In our digital age, the exponential growth of data traffic presents computing power with some real challenges.
And the upward trend will continue with the introduction of machine learning and AI, such as self-driving cars and speech recognition.
All of this places an immense strain on existing computer processors’ ability to keep up with demand.
Now, an international team of scientists has shed light on how the problem can be addressed.
The researchers developed a new approach and architecture that uses light-based or “photonic” processors that have been shown to outperform conventional electronic chips by processing information much faster and in parallel, combining processing and data storage on a single chip.
For so-called matrix-vector multiplications, which are the backbone of neural networks (algorithms that model the human brain) that are themselves used for machine learning algorithms, the researchers created a hardware accelerator. Since different light wavelengths (colors) do not interact with each other, for parallel computations, the researchers were able to use multiple light wavelengths.

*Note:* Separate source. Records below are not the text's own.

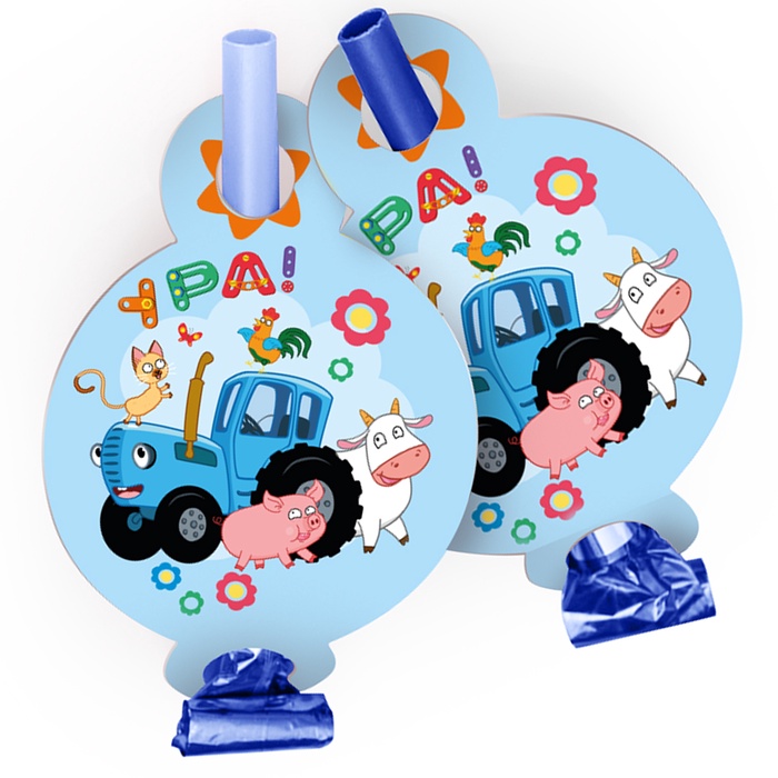 Карнавальные язычки гудки "Синий трактор". Веселое путешествие" 11 см, 6 шт.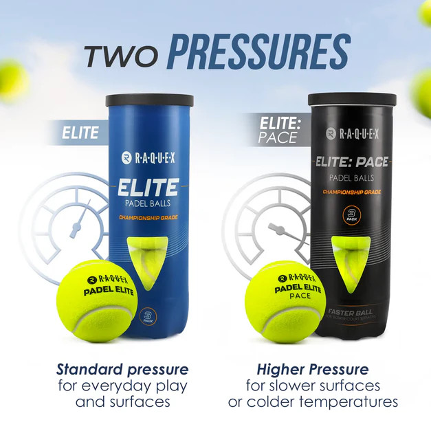 Available in two pressure options, Raquex Elite balls let you tailor performance to your playing conditions. Elite padel balls offer standard speed, perfect for slower courts or colder environments, while Elite: Pace delivers a faster response for more competitive, high-intensity gameplay.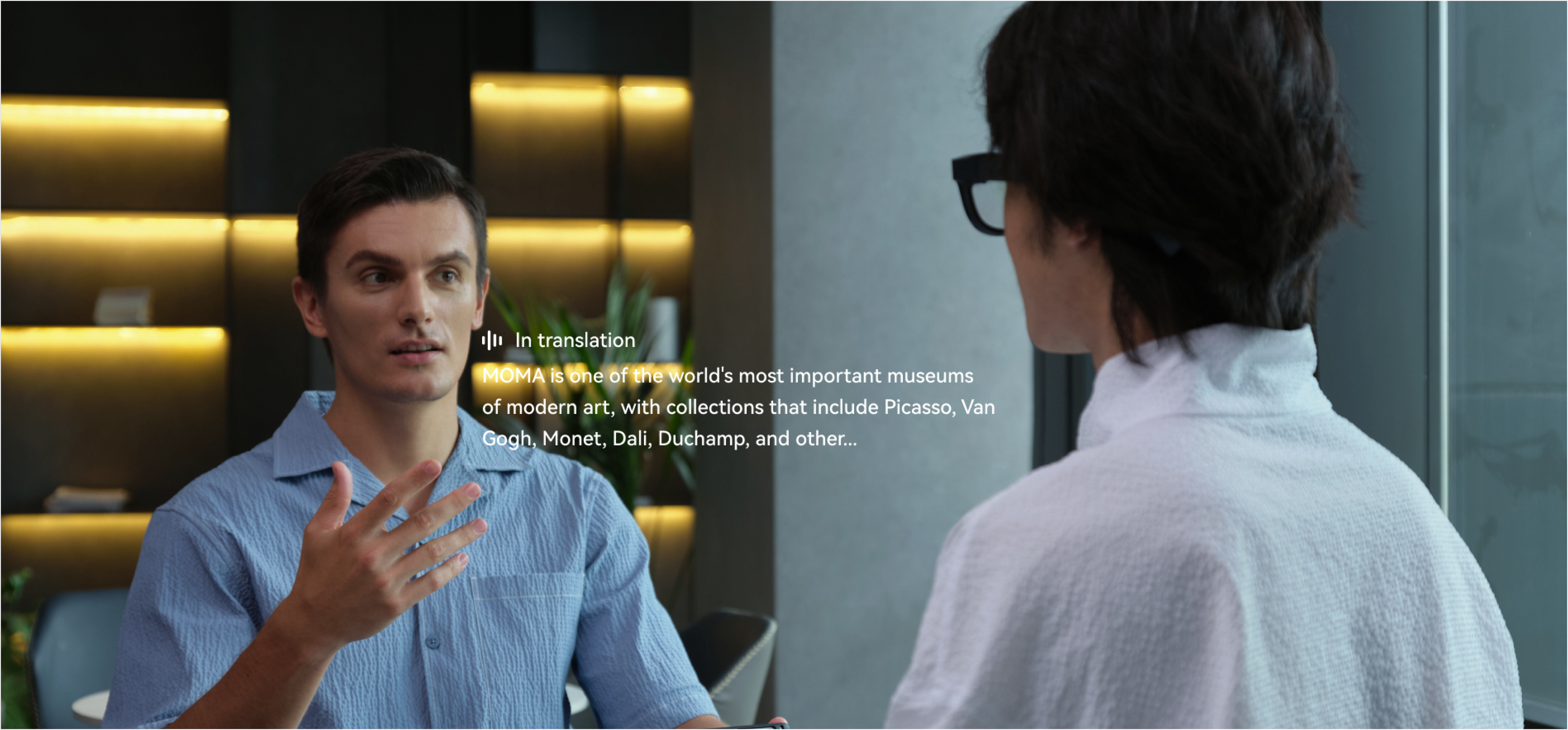 • Face Tracking Dialogue Translation, powered by Microsoft Azure, enables seamless multi-language communication, maintaining natural eye contact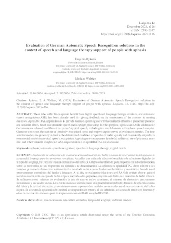 Evaluation of German Automatic Speech Recognition solutions in the context of speech and language therapy support of people with aphasia.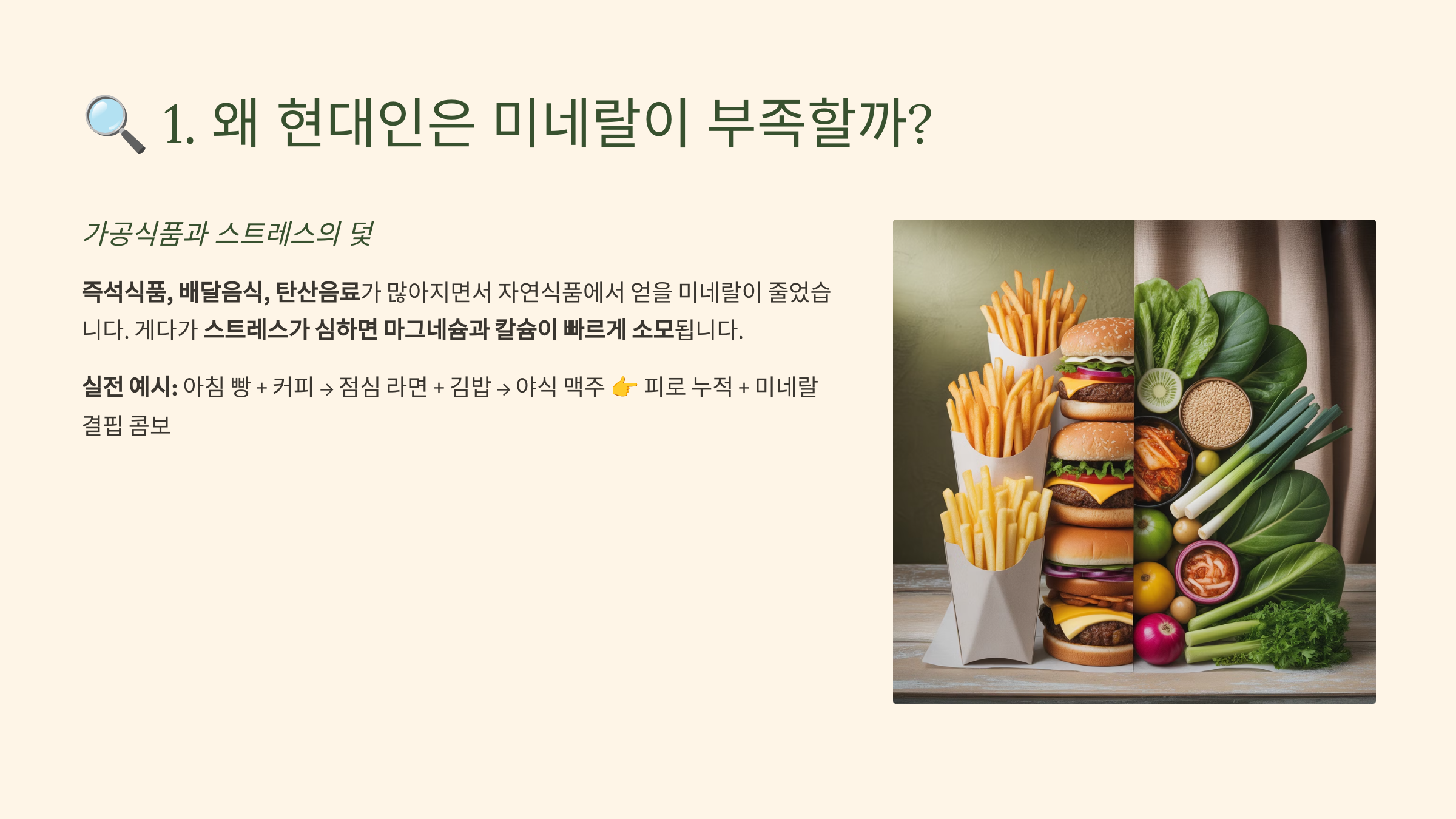 > 실전 예시: 아침 빵 + 커피 → 점심 라면 + 김밥 → 야식 맥주 👉 피로 누적 + 미네랄 결핍 콤보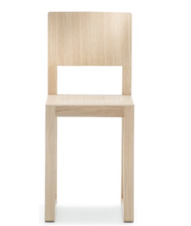 Silla con estructura de roble macizo, asiento y respaldo de nido de abeja. Disponible en roble blanqueado, teñido de wengé o teñido de gris claro.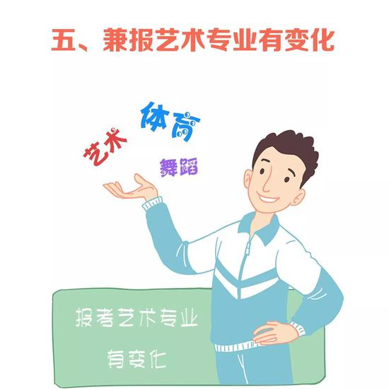 考生兼报艺术类由2018年的8个专业选项精减为6个选项,原来的体育舞蹈和健美操专业不再实行全省统考,调整为招生学校进行校考。广播电视编导专业全省统考只考笔试,不再设面试。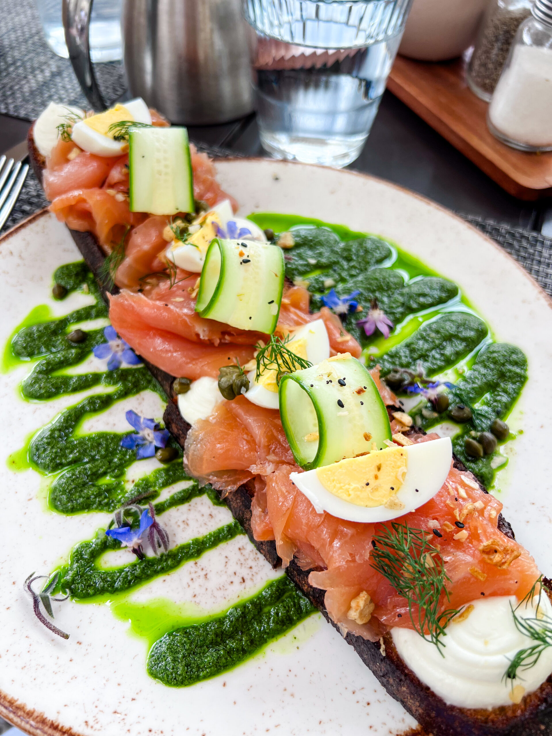 Feeling like I’d already accomplished enough to call it a day, I sat down on the patio at Ironwood for breakfast number two… a party of one… with a full pot of coffee (very necessary after that early wake-up) and the most beautiful salmon toast. Almost too pretty to eat.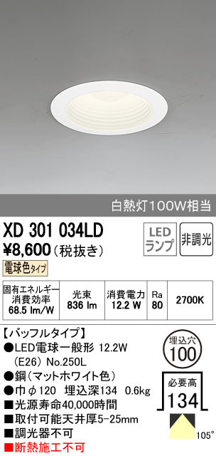 ODELIC ¥ª¡¼¥Ç¥ê¥Ã¥¯ ¥À¥¦¥ó¥é¥¤¥È XD301034LD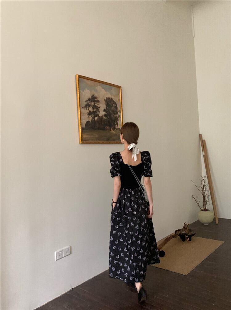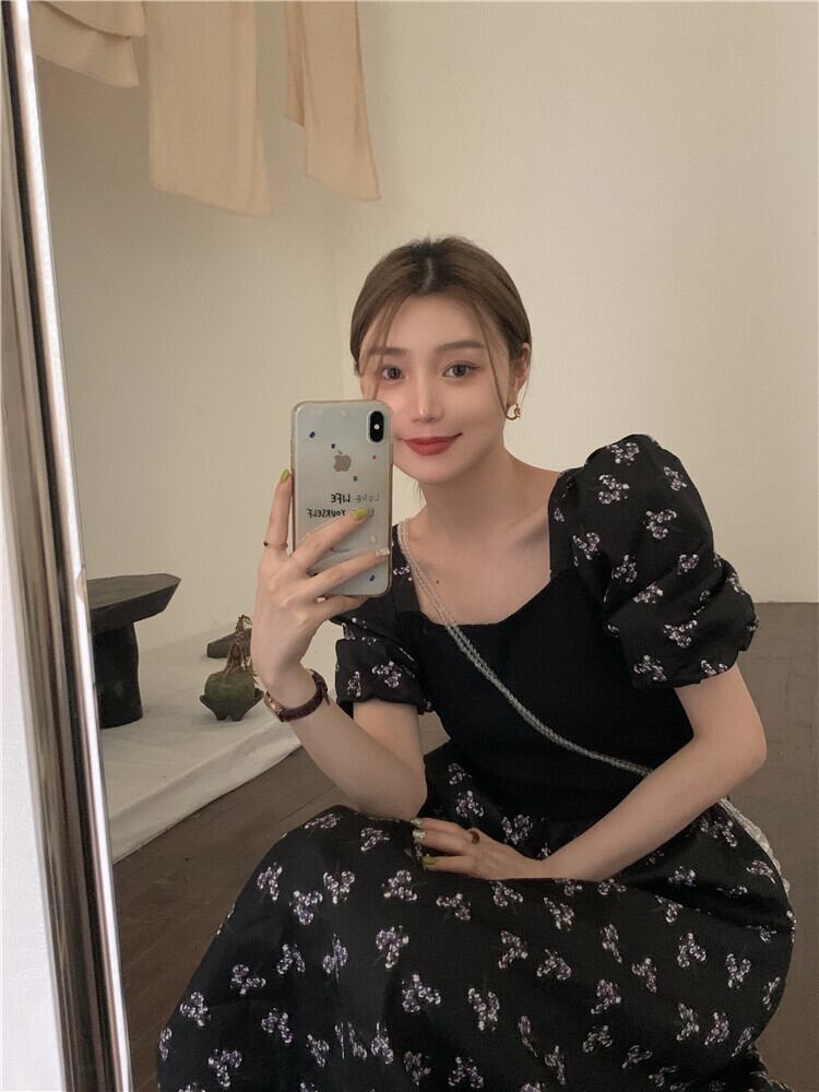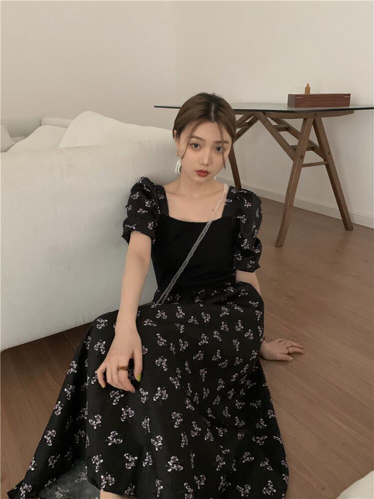 カラーフローラルドレス サマーハイウェスト薄手Aラインスカート 夏物 花柄 スクウェア YY-ファッション32222663873
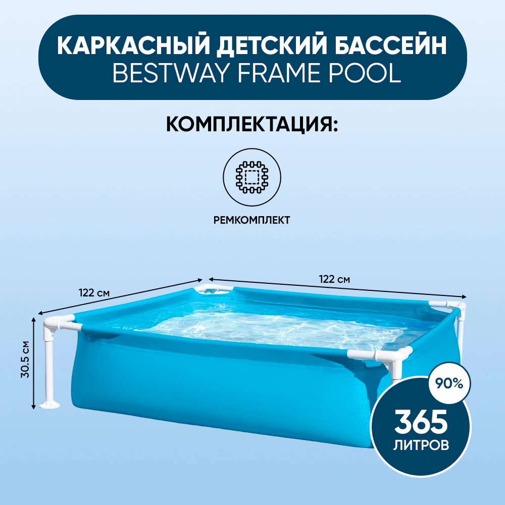 Детский бассейн Bestway "Frame Pool", каркасный, трёхслойный ПВХ, 122x122x30 см, синий информация:

To do so, they used as a light source another revolutionary technology built at EPFL, a chip-based “frequency comb,”
“Our study is the first to use frequency combs in the field of artificial neural networks,” said Professor Tobias Kippenberg of EPFL, one of the leaders of the study. Study by Professor Kippenberg has pioneered the evolution of frequency combs. “The frequency comb provides a variety of optical wavelengths that are processed independently in the same photonic chip.”
“Light-based processors for accelerating machine learning tasks allow complex mathematical tasks to be processed at high speeds and throughputs,” said senior co-author Wolfram Pernice of the University of Münster, one of the research-led professors. This is much faster than traditional electronic data transfer based chips such as graphics cards or advanced hardware such as TPUs (tensor processing units).
The researchers tested them on a neural network that recognizes handwritten numbers after designing and fabricating the photonic chips.
A term from the field of machine learning, these biology-inspired networks are mainly used in the processing of picture or audio data. “The convolutional operation between input data and one or more filters that can detect edges in an image, for example, is a good fit for our matrix architecture,” says Johannes Feldmann, now at the University of Oxford’s Department of Materials. Nathan Youngblood (University of Oxford) adds, “Exploiting wavelength division multiplexing allows higher data rates and computational densities, operations per area of the processor, that have not been achieved before.”
“This work is a true showcase of European collaborative research,” says David Wright of the University of Exeter, who leads the EU FunComp project that funded the work. “While each research group involved is a world leader in its own way, it was bringing all these pieces together that really made this work possible.”
The study is published this week in Nature and has wide-ranging applications: higher concurrent (and low-power) processing of data in artificial intelligence, larger neural networks for more accurate predictions and more precise data analysis, large volumes of clinical data for diagnostics, improving rapid analysis of sensor data in self-driving vehicles, and expanding cloud computing infrastructu
Reference: “Parallel convolutional processing using an integrated photonic tensor core” by J.
Feldmann, N. Youngblood, M. Karpov, H. Gehring, X. Li, M. Stappers, M. Le Gallo, X.
Fu, A. Lukashchuk, A. S. Raja, J. Liu, C.
Wright, A. Sebastian, T. J. Kippenberg, W. H. P. Pernice, and H.
Bhaskaran, January 6, 2021, Nature.DOI: 10.1038/s41586-020-03070-1.